Rovelli and Smolin have the SLIDES as well as the recorded talk.
the slides (either pdf or powerpoint) are quick to download and give a quick idea of what the talk was about---where it fits into the whole picture

Also Martin Reuter, John Baez and Abhay Ashtekar provided the slides, in addition to the recording.

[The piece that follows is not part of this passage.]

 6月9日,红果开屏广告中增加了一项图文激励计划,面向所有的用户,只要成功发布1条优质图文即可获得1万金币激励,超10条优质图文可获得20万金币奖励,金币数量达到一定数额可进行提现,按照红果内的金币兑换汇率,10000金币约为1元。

Be aware that the recorded talk is a bigger file and takes longer to download.

in the case of Robbert Dijkgraaf, Renate Loll, Laurent Freidel, Artem Starodubtsev, and some others, I am happy to say we have the recording, even if not the slides.

grateful thanks to the staff at Albert Einstein Institute
and others involved in putting on the conference and following through

Thanks Marcus!

Having just sat through the talk by Rovelli, I AM AMAZED!..a perfect and stunning performance, judging by the audience silence Rovelli must be really pleased.

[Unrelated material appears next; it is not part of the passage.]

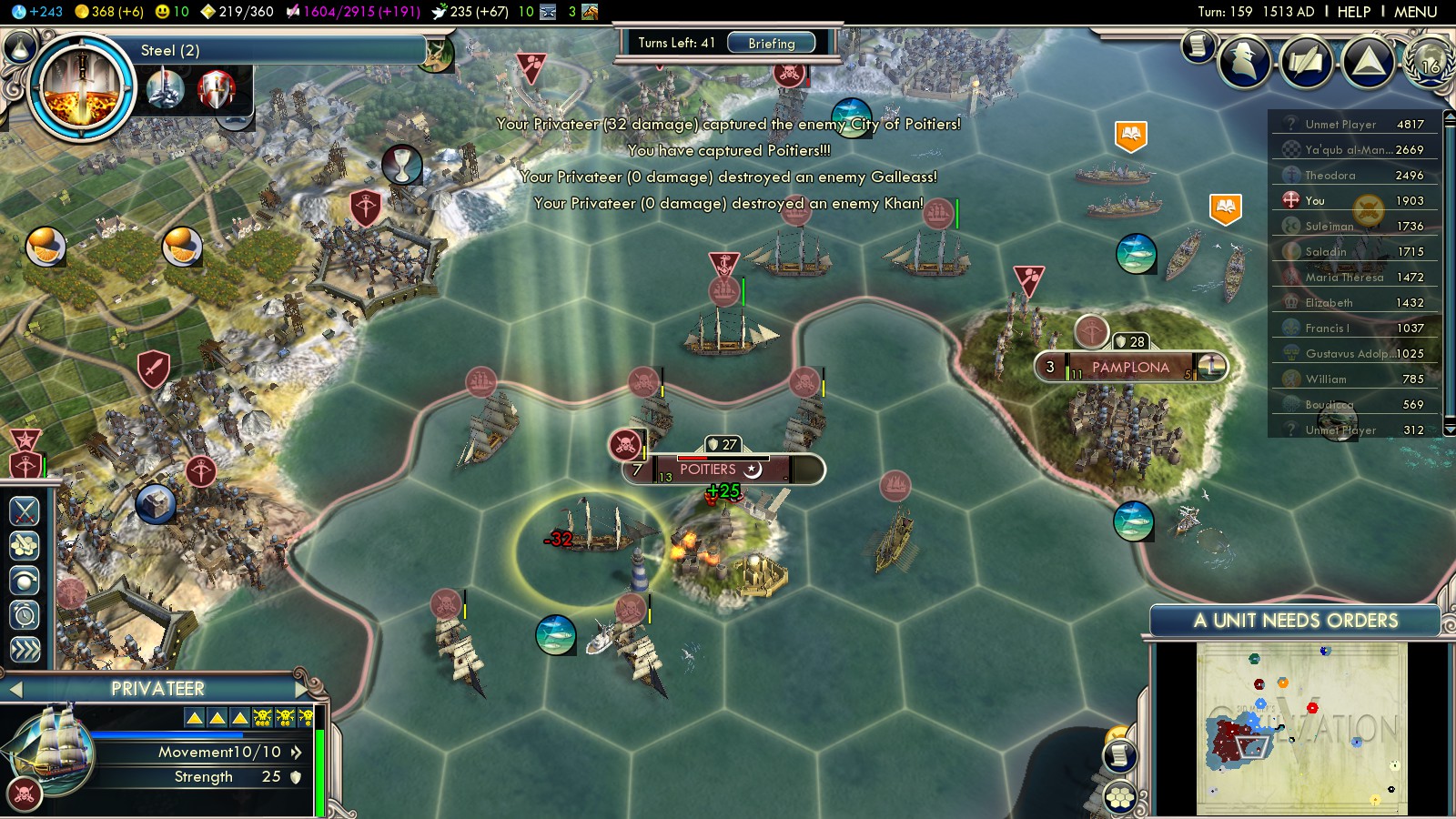 - Steel (turn 161, compared to 113 in my France game)

Looks like Iam going to have to rethink some aspects touched here: https://www.physicsforums.com/showthread.php?t=24178&page=2

#29 and 30..

Rovelli's reference to the many leading field theoriticians (L Modesto esp..), leads me to believe that there is definitely a new understanding just propergating at a shorter horizon than say 10yrs ago.

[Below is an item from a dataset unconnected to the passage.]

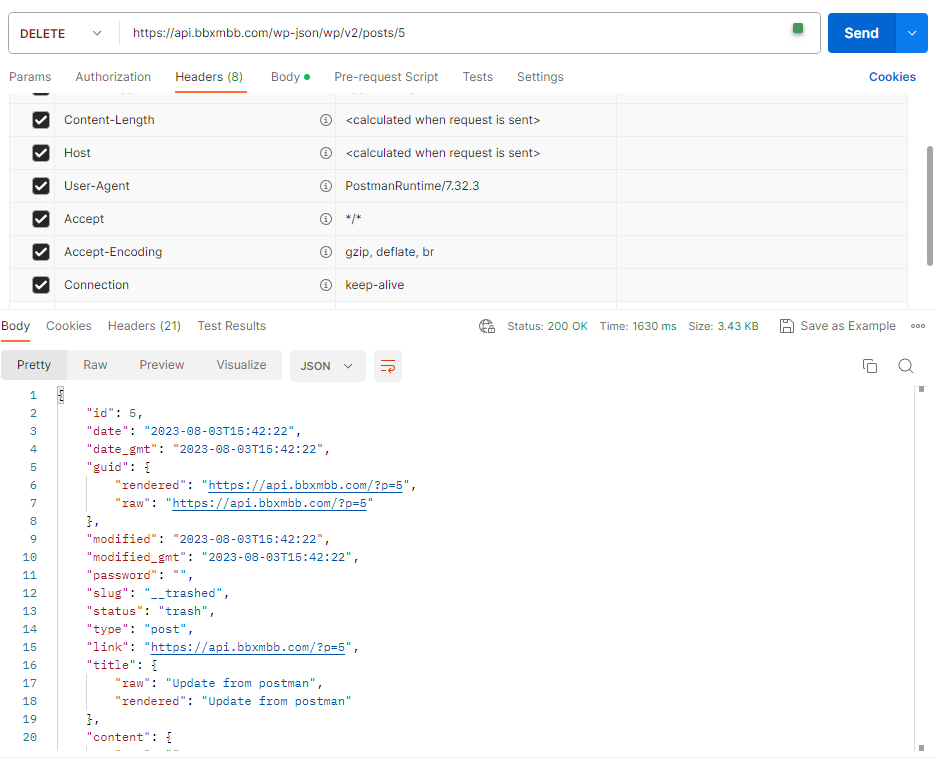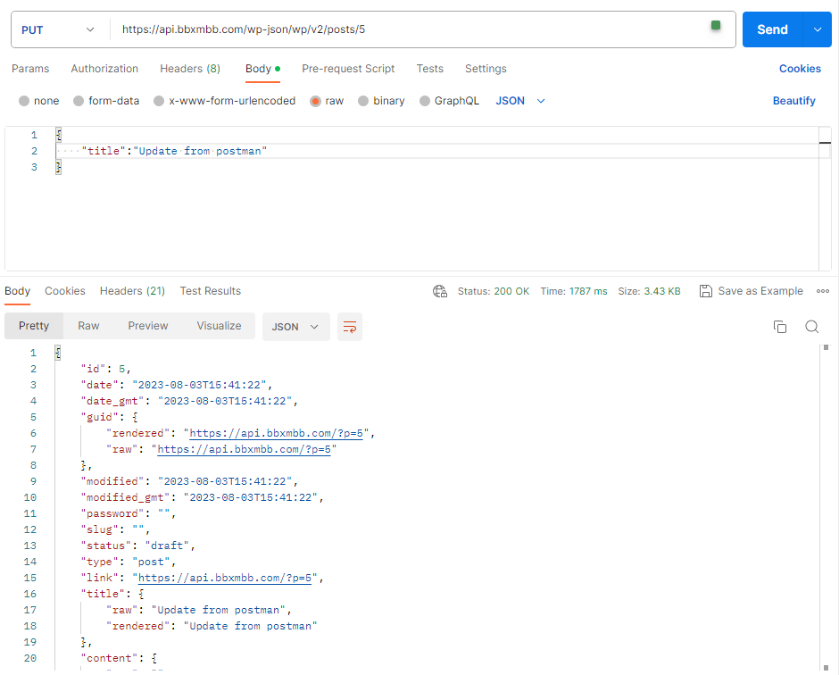 ซึ่งก็จะเห็นการตอบกลับจากฝั่ง wordpress ว่ามีการสร้าง post เป็นที่เรียบร้อย

The Graviton Propagater paper is just the first of many short steps needed to make a fundamental 'understanding' Leap.:approve:
 
  • #4
Spin_Network said:
...
Having just sat through the talk by Rovelli, I AM AMAZED!..a perfect and stunning performance, ...

Me too. I think your reaction is appropriate.

I was impressed by Smolin's talk too. By contrast it was all tangential and unexpected---aimed at stirring up new thought. He was citing people's work I had not heard of and seeming to get a line on the Standard Model.

rovelli was pulling straight ahead on the track of the main QG program, and making substantial progress, while smolin was almost orthogonal, out in the rough breaking new ground

I actually did not expect that these two talks would be the most interesting to me, but they were, of all I have watched.Also on the Smolin and Rovelli talks the AUDIO did not go out. The portable microphone would occasionally fail, with some other speakers.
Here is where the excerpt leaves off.